Wednesday 3rd April 8 am
The Prime Minister had a lie in, having forgotten to put the alarm clock on and eventually emerged at 12noon and gave the order for the Chancellor to be released. A second wave of the public who had taken over from the first selected group continued to throw rotten tomatoes and stale eggs from 8am until 12noon and demanded the same rewards. The Prime Minister pointed out that if they had read the small print – the deal was for 24 hours and not for four hours. A member of the public pointed out that there was no small print to be read.
‘There you go!’ said, the Prime Minister, ‘It was so small you couldn’t see it, better go to “Spec Savers” next time!’
Thursday 4th April
The Chancellor got up early, snatched a mug of tea and toast and marmalade and headed for his office to try and catch up on the work that had lain in his “IN TRAY” since Tuesday. He was annoyed that the Prime Minister made him a laughing stock for a day and a half. He thought he saw a joke in what he thought, but his brain was not functioning properly.
The Commissioner of Police arrived and was ushered into the Chancellor’s office. The Chancellor was on the phone and nodded to his visitor to sit down. After thirty minutes had lapsed the Chancellor replaced the handset. Sorry about that, terribly important phone-call. I know why you’ve come, you want to chat about the Police Pension! The Commissioner grinned and said, ‘Congratulations are in order. I understand from one of my men you were made a Pillar of Society yesterday.’
The Chancellor retorted, ‘Ha, Bloody Ha! How can you be so rude to say that to me, don’t you know what happened to me yesterday, don’t you read the papers?’
‘No! I don’t read the papers, you can’t trust what they print. The front page is always a screaming sensational headline and it wasn’t true what they printed about me. I didn’t have an affair with Lady Gore, it was a fissure of lies.’
The Commissioner of Police stopped speaking, becoming aware he was blurting out his excuses to someone who didn’t know about his indiscretions with the opposite sex. ‘A man in my position has to maintain a certain amount of decorum.’
The Chancellor seeing a joke that he had heard of a long time ago, seized the opportunity of saying, ‘That’s what you do to apples before eating them!’
’What are you waffling on about?’
‘You know, de-core them – apples.’
The Commissioner of Police was not amused by the joke and stormed out of the office forgetting that he had not put across his plan to the Chancellor about the Police Pension he wanted him to consider, but he had left all the paperwork for the Chancellor to read.
The Chancellor saw the briefcase, it was lush black leather, just what he was looking for but couldn’t afford to buy one, because they were too pricey for his budget. He must have word with the Prime Minister about his pay as Chancellor of the Exchequer, he was sure he should get more than £50 a week.
He took the contents from the briefcase and threw them in his waste paper basket and replaced some documents of his own and tucking the briefcase under his arm he went to one of his private rooms to have his coffee and his usual Ginger Nut biscuit.

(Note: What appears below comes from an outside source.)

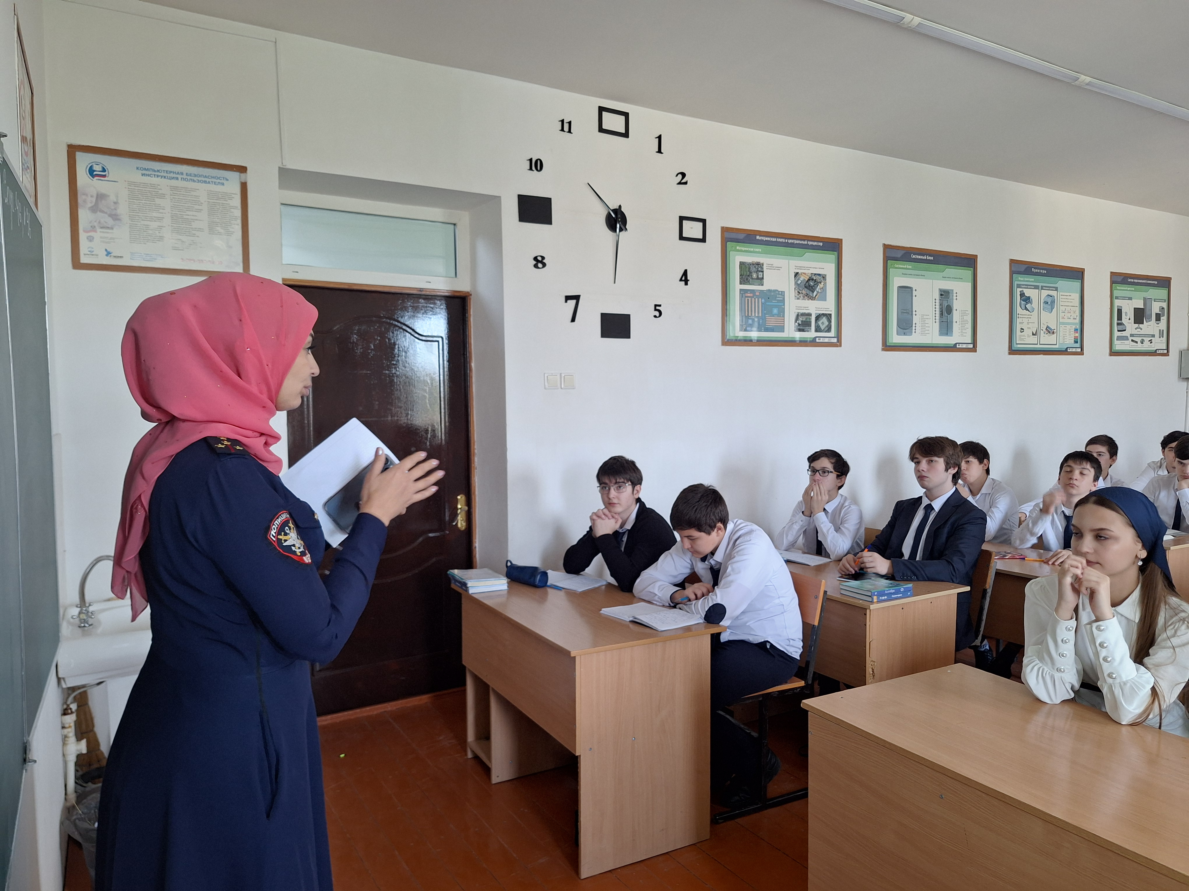 26.09.2024Сегодня в нашей школе состоялась профилактическая беседа обучающихся с инспектором ОПДН ПДН Грозненского ЛО МВД России на транспорте капитаном полиции Тимирсултановой О.А.. Данная встреча с подростками и проведение плановых профилактических бесед, это неотъемлемая часть совместной деятельности педагогов и инспектора ПДН. В разговоре с обучающимися инспектор затронула следующие темы: "Административные правонарушения и преступления среди несовершеннолетних", "Здоровый образ жизни, безопасность", "Железная дорога - зона повышенной опасности", были затронуты вопросы защиты интересов детей . В своей беседе инспектор коснулась вопросов ответственности за совершение таких преступлений, как кража, грабеж, вымогательство, причинение телесных повреждений. Подросткам было разъяснено, с каких лет наступает уголовная ответственность, какие наказания применяются за совершение тех или иных правонарушений. Так же было обращено особое внимание о вреде употребления спиртных напитков, табака, других вредных веществ. В разговоре с обучающимися сотрудник полиции рассказала о том, как не стать жертвой преступления: были подняты вопросы безопасности жизни и здоровья, а также ответственности за сохранность личных вещей. В ходе беседы ребята задавали вопросы, встреча прошла в лёгкой дружеской обстановке.

As he dipped his Ginger Nut into his coffee to make it a lot softer for his ill fitted National Health dentures to cope with, the Chancellor spread out the papers he had in his new found briefcase. “The master plan: How to get into Number Ten Downing Street by other means?” The Chancellor scratched his near balding head for some sort of solution. He was determined to murder the Prime Minister as soon as he was granted a wage increase. It was a bloody cheek of the high almighty Commissioner of Police putting across the police pension plan. It was fun talking to nobody for half an hour.
Friday 5th April 10 am
The Chancellor had a bit of lie in, he hadn’t realized what the time was as the last thing he liked to do was play computer games. It was two in the morning when he with his hot cocoa and ginger nut biscuit finally went to bed. He had overslept and someone was banging on his door and the shrillness of the bell echoed around the house. Yawning he reached out with his feet the pretty coloured pink slippers with the bows on top and shuffled down to the front door. He couldn’t afford servants or a chef and had no wife. The last girl-friend he had said, ‘She wouldn’t touch him with a barge pole.’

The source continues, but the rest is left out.